Menkeu Purbaya Digugat Eks Karyawan Kertas Leces Bayar Rp1.900 di PN Jakpus

Menkeu Purbaya Digugat Eks Karyawan Kertas Leces Bayar Rp1.900 di PN Jakpus

Bisnis.com, JAKARTA — Sebanyak 1.900 eks karyawan PT Kertas Leces (Persero) menggugat Menteri Keuangan Purbaya Yudhi Sadewa ke Pengadilan Negeri Jakarta Pusat. 

Dalam gugatan yang teregister dengan nomor perkara 716Pdt.G/2025/PN.JKT.PST itu, Purbaya digugat hanya sebesar Rp1.900. 

Berdasarkan keterangan tertulis yang diterima Selasa (21/10/2025), gugatan ini dilayangkan Paguyuban Karyawan Aliansi Karyawan Bersatu PT Kertas Leces, mewakili ribuan pekerja yang telah 13 tahun menunggu pembayaran gaji dan pesangon, pascaperusahaan milik negara tersebut dinyatakan pailit. 

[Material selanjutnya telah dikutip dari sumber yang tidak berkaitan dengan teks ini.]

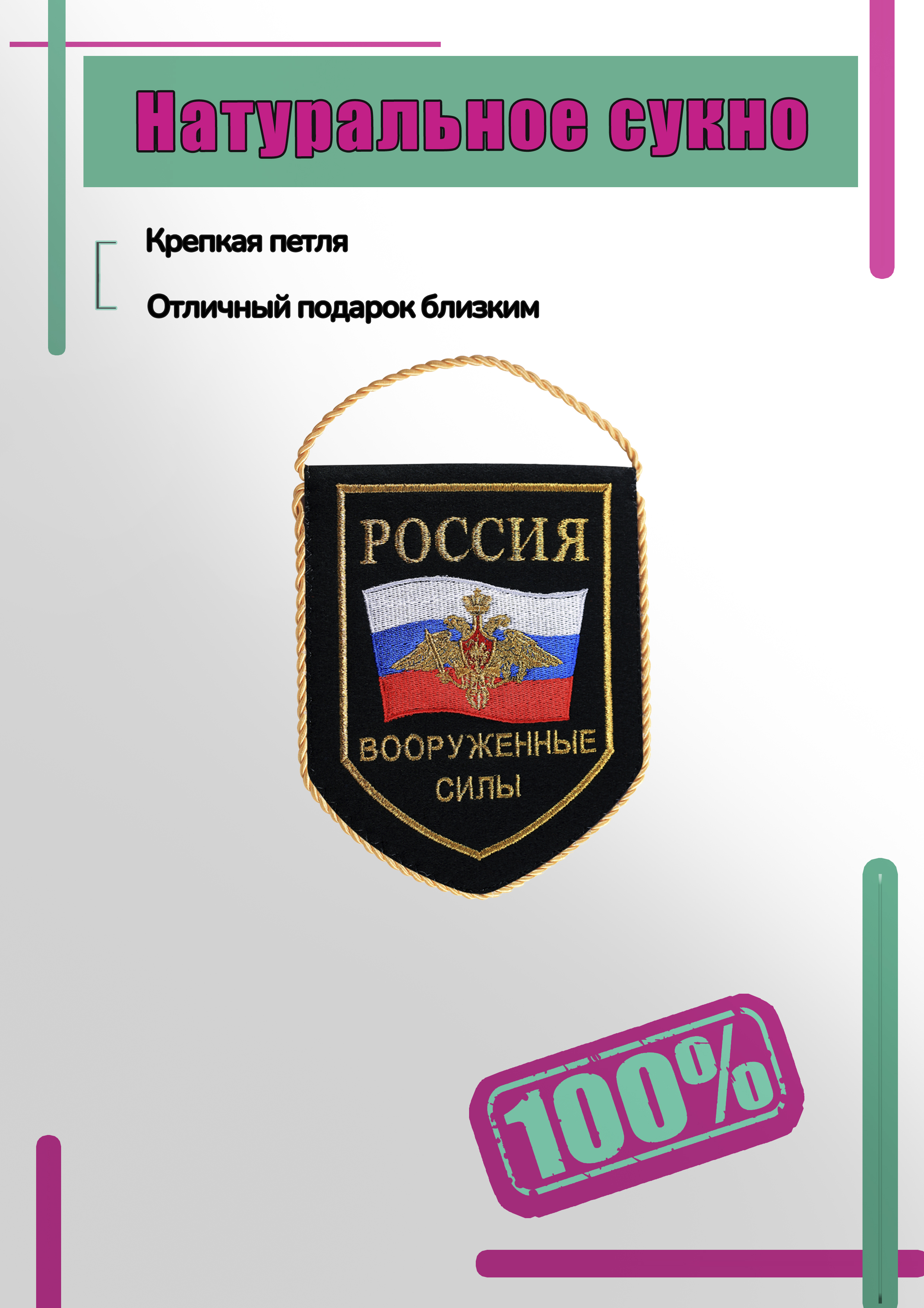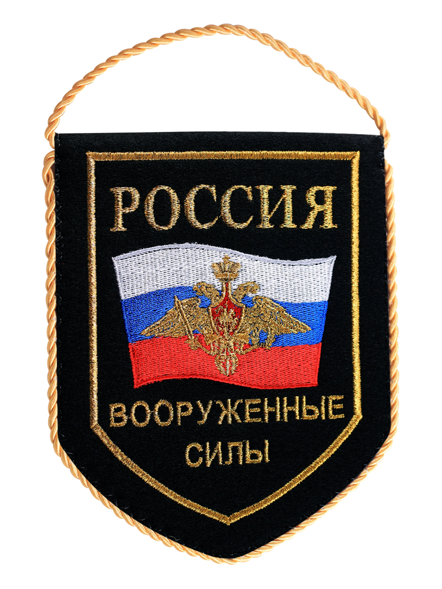 Вымпел малый с вышивкой Вооруженные Силы РФ 16х13 черный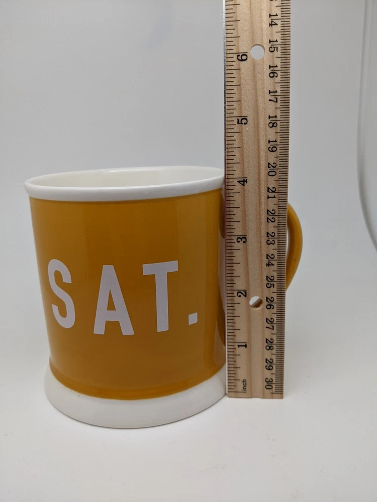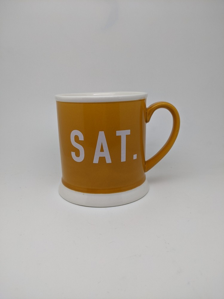 Creative Co-op Large Yellow Sat. Saturday Coffee Mug Wide Bottom..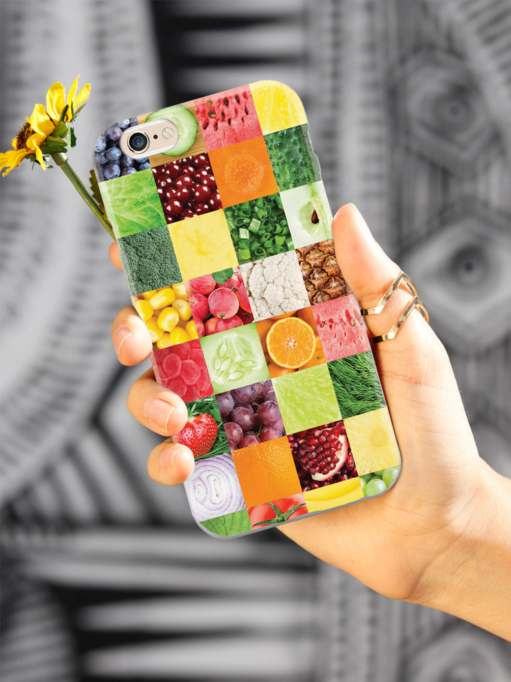 This unique Healthy Foods Quilt Pattern 1 case was creatively designed and printed with a high-quality finish in-house using UV Printing process, where the ink is cured by UV rays to produce sharp and vivid images with a high degree of color accuracy.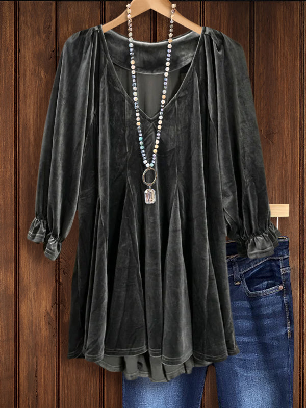 Elevate your casual wardrobe with our Grey Velvet Swing Top. This versatile top features a trendy swing silhouette and a luxurious grey velvet fabric. Perfect for pairing with jeans or dressing up with a skirt, this top effortlessly combines comfort and style. Embrace effortless elegance with our Grey Velvet Swing Top.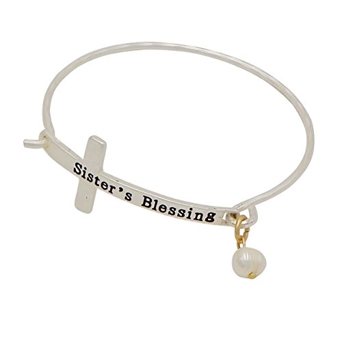 -. Feature : Matte silver tone wire bangle with easy hook closure / Sideways cross decor with inscription and faux pearl dangle accent / Bracelet size: 2.25" diameter opening, for small to medium wrists / An inspirational prayer card is included / Packaged in a lovely gift box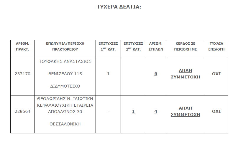 Επίσης, ένα (1) τυχερό δελτίο βρέθηκε στην 2η κατηγορία (5) το οποίο κερδίζει το ποσό των € 78.861,92.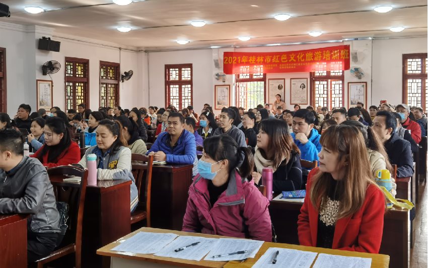 3月23日至3月25日,由桂林市文化广电和旅游局、桂林红军长征湘江战役文化保护传承中心主办,桂林市红色旅游协会、桂林市导游协会承办的2021年桂林市红色文化旅游培训班,在广西师范大学王城校区举办。 此次培训有130名导游参加,以“讲好红色故事,献礼建党百年”为主题,邀请党史研究、红色文化和旅游专家等,围绕党中央关于红色旅游发展的重要指示精神,进行了中国共产党党史、广西地方党史及其在中央党史中的地位、湘江战役的回顾、抗日战争时期的桂林城和桂林...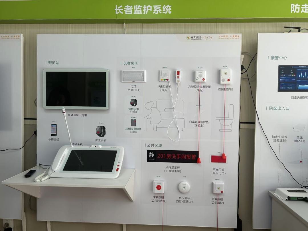 像他们养老院自研的一款长者监护系统已经运用在其中一个专区。这套系统集成了AI智能语音报警器、跌倒报警器、监护手表等多种设备。起初老人们对这些新事物有些不理解,但通过耐心沟通和实际演示,系统逐渐得到了大家的认可。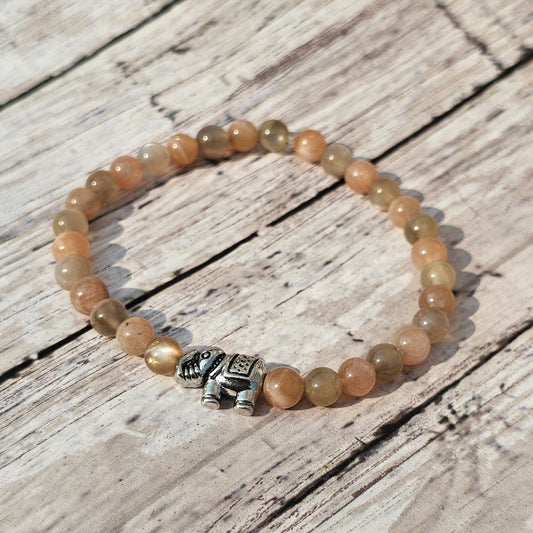 5mm Reiki Infused Skeletal Sunstone Bracelet with Elephant Charm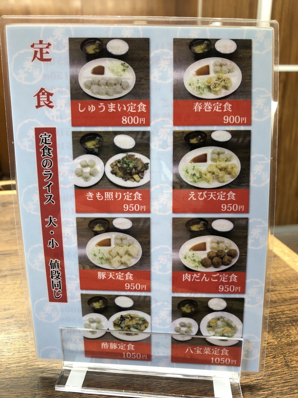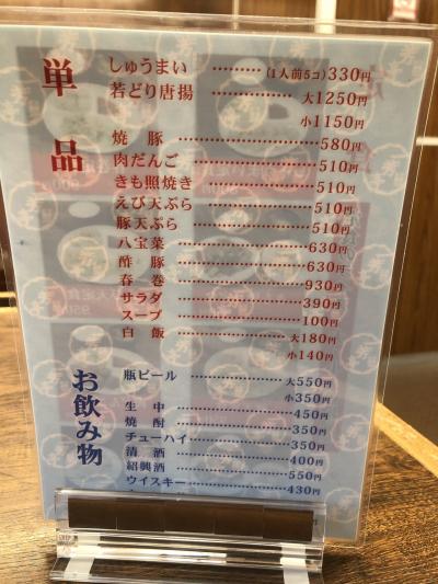 定食には一人前の「しゅうまい」(5個)がつく。店員さんに「お店のオススメは?」と聞いたところ「なんでも美味しいです」とのことだが、「豚天定食」をオーダーとしたところ、小声で「これが一番一番オススメです」と言われてほっと。豚天は、肉の柔らかさが、際立ち、衣もちょうど良いあんばい。スープば全体的に薄味の中で塩味が効いていて、豚肉と筍の出汁がうまい具合に効いていて美味一番。定食の場合、ライスが大・小、値段が同じなのは嬉しいサービス。- 旅行時期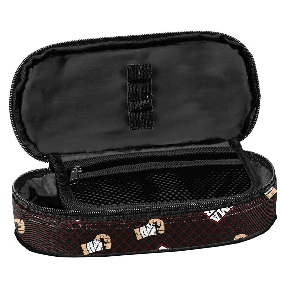 Piórnik MMA Club to wygodny, jednokomorowy piórnik, który bez trudu pomieści najważniejsze szkolne akcesoria. Wewnątrz piórnika znajduje się klapka, na której z jednej strony zamieszczone są uchwyty na ołówki, długopisy czy inne przybory piśmiennicze, z drugiej funkcjonalna kieszonka na zamek z siatki. Stanowi świetny dodatek do klasycznych piórników, które nie pomieszczą dodatkowych przyborów, takich jak temperówka, klej, cyrkiel, korektor czy markery. W Paso staramy się, aby nasze produkty były niezwykle poręczne i uniwersalne. Ten piórnik sprawi, że wszystko będzie znajdowało się zawsze na swoim miejscu.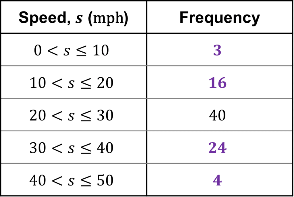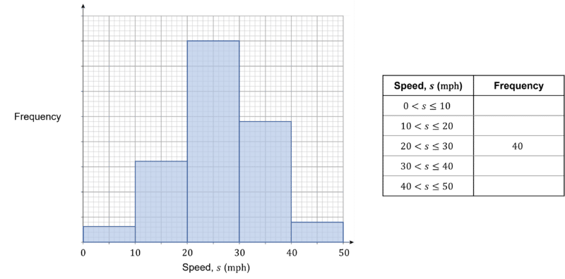 The histogram below, shows the speeds of different cars driving through a 30 \text{ mph} zone. Use the histogram to complete the grouped frequency table.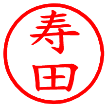 [朱肉の色]を選び、入力窓に“寿田”と入力して[生成]ボタンを押すと、印影が更新され、リンクから電子印鑑(デジタル印影)がダウンロードできます。 電子印鑑「寿田」の作り方文字表示が変なときや、文字バランスが悪いときは[字形切替]のチェックボックスでON/OFFを切り替え[生成]しなおしてください。 生成される画像は通常の印影「寿田.png」と、にじみを表現した少し太めの印影「寿田B.png」の背面透過PNG形式2種と、鮮明なPDF形式の印影「寿田.pdf」の計3種類です。 朱肉の微妙な色の違いを7色で表現しました。デフォルト(左端)は、JISが定めた朱肉の色のマンセル値(7.5R 5/14)をRGB値(217,66,54)に変換したものになっています。 「電子透かし」にチェックを入れて[生成]ボタンを押すと、タイムスタンプを電子透かしとして埋め込んだセキュアな電子印鑑が作れます。詳細は別ページの「タイムスタンプと電子透かし」でご覧ください。 寿田さんの日付印が作れます。「日付スタンプメーカー」は、社内向けの書類に利用されることの多い日付印(データ印)が無料で作れるWebアプリケーションです。中段に日付が入り、上段と下段は、ともに8文字まで文字が入ります。 ![]() 古代文字で落款印が作れます。「落款スタンプメーカー」で作品を引き立たせる落款印が作れます。

Eko Novriansyah Putra, kuasa hukum para penggugat mengatakan, nilai gugatan yang hanya Rp1 per orang, atau Rp1.900 secara keseluruhan, dimaksudkan bukan untuk nominal, melainkan simbol pertanggungjawaban moral negara terhadap nasib ribuan buruh BUMN pertama yang pailit secara hukum tetap di Indonesia. 

Eko menjelaskan, PT. Kertas Leces (Persero) yang sempat menjadi perusahaan kertas terbesar di Asia Tenggara, resmi pailit berdasarkan Putusan PN Niaga Surabaya No. 01/Pdt.Sus-Pembatalan Perdamaian/2018/PN.Niaga.Sby jo. 05/PKPU/2014/PN.Niaga.Sby, 25 September 2018. Putusan ini kemudian dikuatkan oleh Mahkamah Agung No. 43 PK/Pdt.Sus-Pailit/2019 pada 28 Maret 2019.

“Pascaputusan, hakim pengawas dan tim kurator menetapkan 14 sertifikat tanah seluas kurang lebih 74 hektar di Probolinggo sebagai boedel pailit dengan nilai estimasi  sekitar Rp700 miliar. Namun, hingga kini Kementerian Keuangan belum menyerahkan sertifikat tersebut kepada kurator, padahal telah ada penetapan Hakim Pengawas dan surat resmi S-934/KN.5/2019. Keterlambatan ini menyebabkan hak pekerja senilai Rp145,9 miliar tidak dapat dibayarkan,” jelasnya.

Menurut Eko, tindakan pejabat publik yang menunda pelaksanaan putusan hukum termasuk Perbuatan Melawan Hukum (PMH) sebagaimana dimaksud Pasal 1365 KUHPerdata, serta bertentangan dengan Pasal 15 ayat (1) UU No. 37 Tahun 2004 tentang Kepailitan, Pasal 17 ayat (2) dan Pasal 21 huruf (b) UU No. 30 Tahun 2014 tentang Administrasi Pemerintahan, serta Pasal 28D ayat (1) UUD 1945.

Selain itu penundaan pelaksanaan putusan hukum juga dinilai berseberangan dengan Putusan MK No. 67/PUU-XI/2013, yang menegaskan bahwa hak atas upah pekerja harus didahulukan dari tagihan negara 

“Negara tidak boleh diam ketika pekerjanya sendiri dizalimi oleh birokrasi. Gugatan Rp1 ini adalah simbol bahwa keadilan sosial masih bisa diperjuangkan melalui jalur hukum, dan butuh niat baik dari Menteri Keuangan,” pungkasnya.